• **Supplied data**:
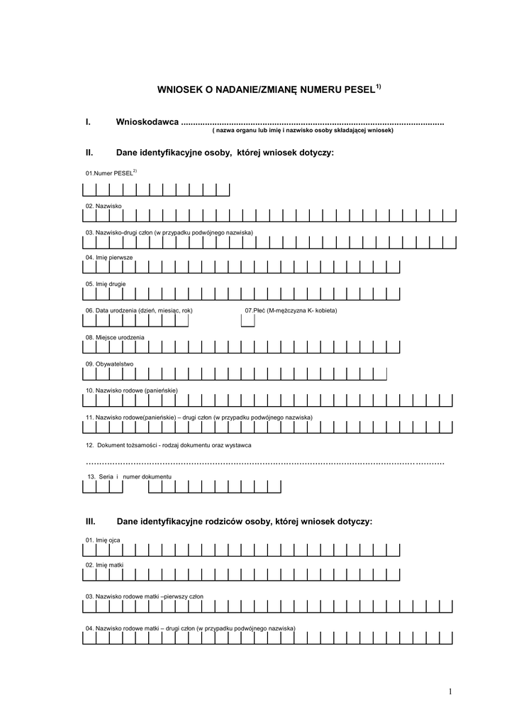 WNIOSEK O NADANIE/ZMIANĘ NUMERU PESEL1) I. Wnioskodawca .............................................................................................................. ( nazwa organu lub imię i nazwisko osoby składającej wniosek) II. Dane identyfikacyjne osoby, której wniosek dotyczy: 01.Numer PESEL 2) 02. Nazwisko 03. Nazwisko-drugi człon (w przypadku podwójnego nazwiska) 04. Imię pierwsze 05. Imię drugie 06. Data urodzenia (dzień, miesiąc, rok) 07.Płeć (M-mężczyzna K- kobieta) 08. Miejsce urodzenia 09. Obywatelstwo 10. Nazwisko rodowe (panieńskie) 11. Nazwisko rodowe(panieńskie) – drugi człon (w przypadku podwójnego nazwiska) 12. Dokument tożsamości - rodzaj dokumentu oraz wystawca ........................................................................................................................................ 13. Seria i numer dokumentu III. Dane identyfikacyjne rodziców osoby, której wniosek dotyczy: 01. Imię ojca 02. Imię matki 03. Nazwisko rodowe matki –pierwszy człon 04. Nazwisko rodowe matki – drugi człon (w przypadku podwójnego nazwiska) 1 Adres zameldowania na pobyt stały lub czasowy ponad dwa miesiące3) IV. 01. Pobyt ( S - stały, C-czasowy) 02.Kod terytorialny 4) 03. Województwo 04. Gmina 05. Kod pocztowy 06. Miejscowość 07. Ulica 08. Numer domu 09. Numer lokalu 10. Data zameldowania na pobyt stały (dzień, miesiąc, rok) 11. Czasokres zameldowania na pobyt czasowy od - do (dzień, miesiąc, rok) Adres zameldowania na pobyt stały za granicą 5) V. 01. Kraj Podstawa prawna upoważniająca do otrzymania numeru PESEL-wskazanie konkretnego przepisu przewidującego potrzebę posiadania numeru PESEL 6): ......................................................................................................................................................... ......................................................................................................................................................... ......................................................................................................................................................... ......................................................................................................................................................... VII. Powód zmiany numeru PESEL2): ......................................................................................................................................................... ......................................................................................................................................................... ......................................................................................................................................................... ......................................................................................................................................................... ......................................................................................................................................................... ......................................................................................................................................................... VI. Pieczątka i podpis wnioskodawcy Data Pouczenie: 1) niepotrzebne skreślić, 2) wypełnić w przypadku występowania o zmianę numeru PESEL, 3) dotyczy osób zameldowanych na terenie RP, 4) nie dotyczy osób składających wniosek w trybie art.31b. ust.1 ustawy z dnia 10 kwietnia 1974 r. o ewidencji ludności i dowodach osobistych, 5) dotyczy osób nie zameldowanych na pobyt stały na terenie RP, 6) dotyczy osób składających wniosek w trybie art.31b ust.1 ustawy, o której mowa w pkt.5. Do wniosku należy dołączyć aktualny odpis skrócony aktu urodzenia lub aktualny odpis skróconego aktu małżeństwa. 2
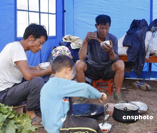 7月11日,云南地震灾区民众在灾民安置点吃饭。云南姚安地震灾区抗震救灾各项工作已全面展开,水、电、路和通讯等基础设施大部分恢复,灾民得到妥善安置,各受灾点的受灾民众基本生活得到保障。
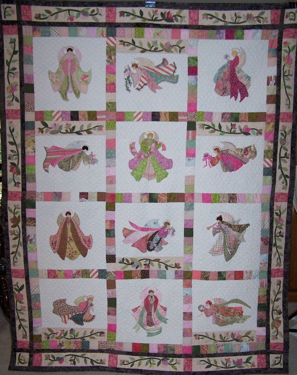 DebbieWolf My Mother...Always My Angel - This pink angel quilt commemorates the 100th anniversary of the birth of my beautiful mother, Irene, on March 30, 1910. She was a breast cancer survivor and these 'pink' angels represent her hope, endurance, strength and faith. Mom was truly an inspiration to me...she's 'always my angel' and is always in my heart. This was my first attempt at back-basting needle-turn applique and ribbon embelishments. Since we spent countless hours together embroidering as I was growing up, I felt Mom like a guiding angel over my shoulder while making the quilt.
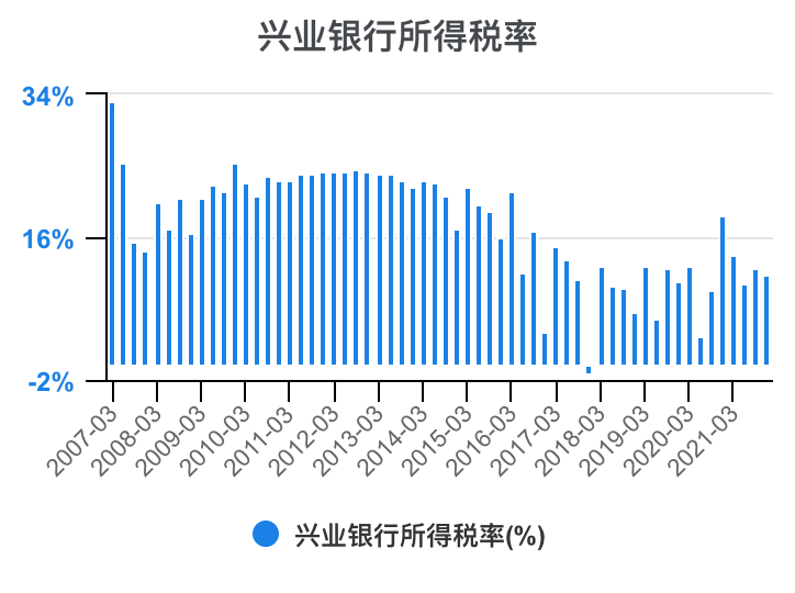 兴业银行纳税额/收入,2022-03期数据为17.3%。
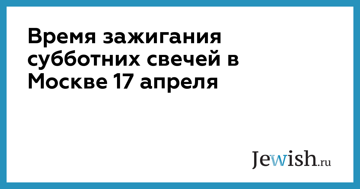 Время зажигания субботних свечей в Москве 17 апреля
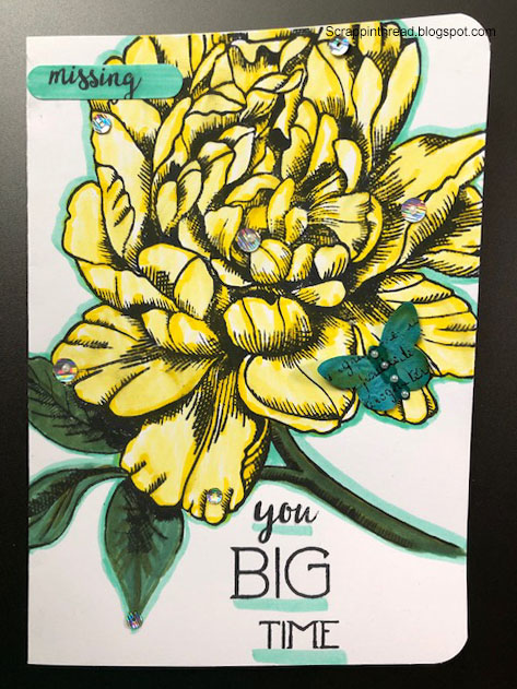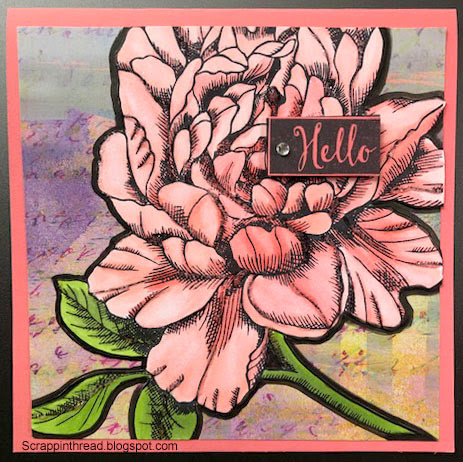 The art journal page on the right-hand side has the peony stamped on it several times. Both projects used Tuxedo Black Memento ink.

• **Task description**:
Word for word, give again the lines from the line holding "7月11日,云南地震灾区民众" through the last line of the material, both included; pictures are not part of the copy.

• **Result of this task**:
 7月11日,云南地震灾区民众在灾民安置点吃饭。云南姚安地震灾区抗震救灾各项工作已全面展开,水、电、路和通讯等基础设施大部分恢复,灾民得到妥善安置,各受灾点的受灾民众基本生活得到保障。
 DebbieWolf My Mother...Always My Angel - This pink angel quilt commemorates the 100th anniversary of the birth of my beautiful mother, Irene, on March 30, 1910. She was a breast cancer survivor and these 'pink' angels represent her hope, endurance, strength and faith. Mom was truly an inspiration to me...she's 'always my angel' and is always in my heart. This was my first attempt at back-basting needle-turn applique and ribbon embelishments. Since we spent countless hours together embroidering as I was growing up, I felt Mom like a guiding angel over my shoulder while making the quilt.
 兴业银行纳税额/收入,2022-03期数据为17.3%。
 Время зажигания субботних свечей в Москве 17 апреля
 The art journal page on the right-hand side has the peony stamped on it several times. Both projects used Tuxedo Black Memento ink.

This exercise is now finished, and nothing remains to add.